Task to complete:
Nothing but the lines from the one containing "Söderberg Separat ////" through the end of the entries below should appear in your answer, transcribed exactly; please drop the pictures.

Source material:

=== Begin Enclosure ===

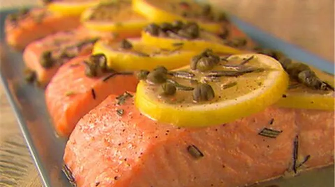 - شريحة من سمك السلمون المشوي داخل الفرن.
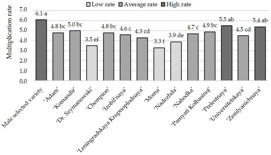 - Molkanova, O.I.; Koroleva, O.V.; Stacheeva, T.S.; Krakhmaleva, I.L.; Meleshchuk, E.A. Improvement of clonal micropropagation technology of valuable fruit and berry crops varieties for commercial conditions. Achiev. Sci. Technol. AIC 2018, 32, 66–69. (In Russian) [Google Scholar] [CrossRef]
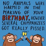 No Animals Were Harmed In The Making Of Your Birthday. Monkeys Toasting Champagne Card
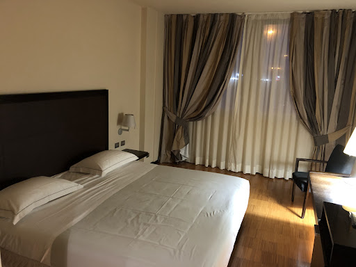 Read moreCome mi piace fare spesso, al fine di compilare una recensione che sia la più precisa e puntuale possibile, anche questa volta mi accingo a dare un voto per ogni singola cosa notata e poi alla fine si tireranno le somme (ed il voto medio). Vado ad incominciare... |10 alla posizione (vicinissimo all'uscita dell'autostrada, ma nonostante ciò abbastanza silenzioso e non appestato da gas di scarico);|10 al parcheggio (grande, comodo e gratuito);|8 alla Reception (media tra il 4 della sgradita sorpresa dell'aver previsto inizialmente la mia camera nella dependance, il 10 della gentilezza, dopo le mie rimostranze, nel trovarmi una stanza nel corpo centrale dell'hotel ed il 10 in generale, per i rapporti avuti durante il soggiorno, compreso l'averci permesso un piccolo "late check-out");|10 al letto della camera (immenso quasi al punto da necessitare di google maps per trovare la posizione precisa di tutti gli occupanti);|9 al bagno (buona metratura ed ottima la fornitura di prodotti);|9 alla camera (non immensa, ma ampiamente sufficiente e corredata di simpatico terrazzino, seppur vuoto) |4 ai servizi presenti (nel giudizio pesano parecchio il telefono muto e l'illuminazione scarsa: peraltro la lampada sul tavolo, quella su cui facevamo il maggior affidamento per vederci, ogni tanto si "staccava" ed occorreva aprire il pannello dei salvavita e riattaccare il collegamento, come insegnatoci dalla cameriera);|3 all'insonorizzazione (in realtà il problema non era nemmeno tanto quello del rumore proveniente da altre parti, ma il fatto che la parete su cui poggiava la testata del nostro letto non era di mattoni, ma di cartongesso(?), per cui insomma quando dall'altra parte si appoggiavano alla loro testata, di qua si sobbalzava);|9 alla palestra (non immensa, ma adeguatissima a far trascorrere un po' di tempo in maniera simpatica);|8 alla SPA: (poche cose, tra cui una doccia in cui non funzionava il pulsante del getto idromassaggio. Non è un gioiello eccezionale, ma è comunque una cosa veramente piacevole di cui poter approfittare, peraltro senza sovrapprezzi di alcun genere. Suggerisco però di cambiare quanto riportato nel foglio in camera, nonchè in ascensore, dove si trovano orari di apertura inesatti);|10 alla colazione (essendo un 4*, offrire una buona colazione, com'è questa, dovrebbe essere pressochè normale. La particolarità di quest'albergo è però rappresentata dalla cameriera Domenica, che unisce una gentilezza da competizione europea ad una dolcezza ed una disponibilità corredate da un sorriso, sempre stampato sul viso, così solare da rasserenare anche le giornate più buie e piovose).|Fatti i conti, il voto medio è 9, che però rimane in attesa di omologazione, dato che mi sovviene or ora il fatto che, seppur indicato nella conferma di prenotazione ricevuta via mail, non ci è stato offerto il "Welcome drink" al nostro arrivo: vorrà dire che me lo aspetto doppio nel caso dovessi tornare in questo hotel in futuro. |In realtà devo dire onestamente che tutto ciò che può non essere stato assolutamente perfetto viene abbondantemente ammantato dall'eccezionale rapporto qualità/prezzo: io sarò stato anche fortunato a trovare un'offerta splendida, ma 50 euro al giorno, per una doppia, è un prezzo che fa diventare il telefono muto un oggetto di design, la lampada malconcia un simpatico antistress, gli orari sbagliati della SPA un divertente giochino matematico,...
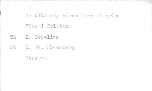 //// klr sig våren i7en så grön Visa i folkton //// Tx Z. Topelip_s //// rk w. Th. Söderberg Separat ////
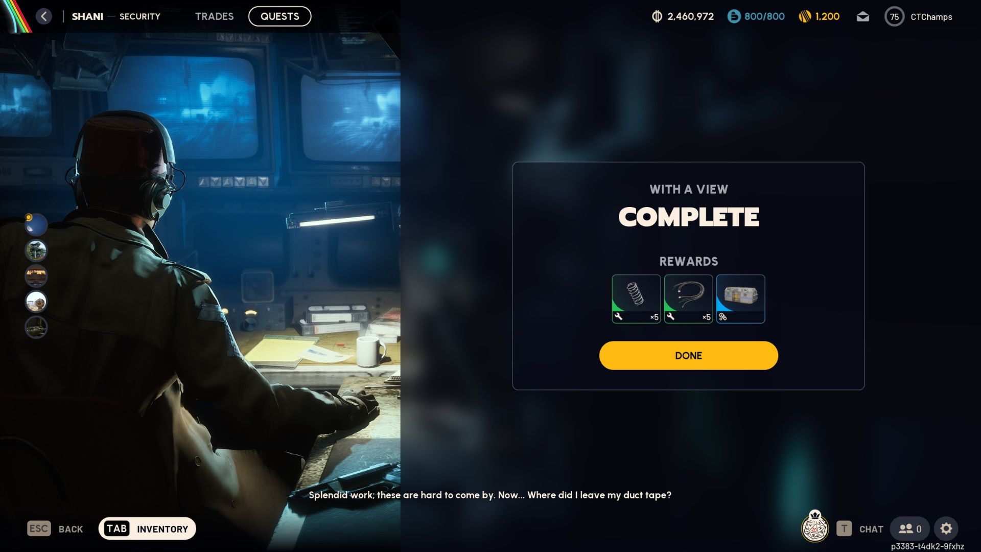 You can start the ‘With A View’ quest by talking to Shani, who works as a Security Trader. She’ll ask you to travel to Stella Montis to look into some strange lights in the sky. To do this, you’ll need to find her an Ion Sputter and a Rotary Encoder first.
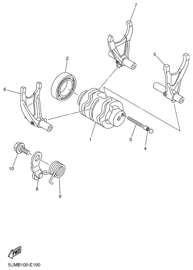 Vaihderumpu ja haarukat, WR250F 2010, WR250F, 250 cc Offroad, Yamaha -varaosa luettelot

=== End Enclosure ===

Exercise solution:
 //// klr sig våren i7en så grön Visa i folkton //// Tx Z. Topelip_s //// rk w. Th. Söderberg Separat ////
 You can start the ‘With A View’ quest by talking to Shani, who works as a Security Trader. She’ll ask you to travel to Stella Montis to look into some strange lights in the sky. To do this, you’ll need to find her an Ion Sputter and a Rotary Encoder first.
 Vaihderumpu ja haarukat, WR250F 2010, WR250F, 250 cc Offroad, Yamaha -varaosa luettelot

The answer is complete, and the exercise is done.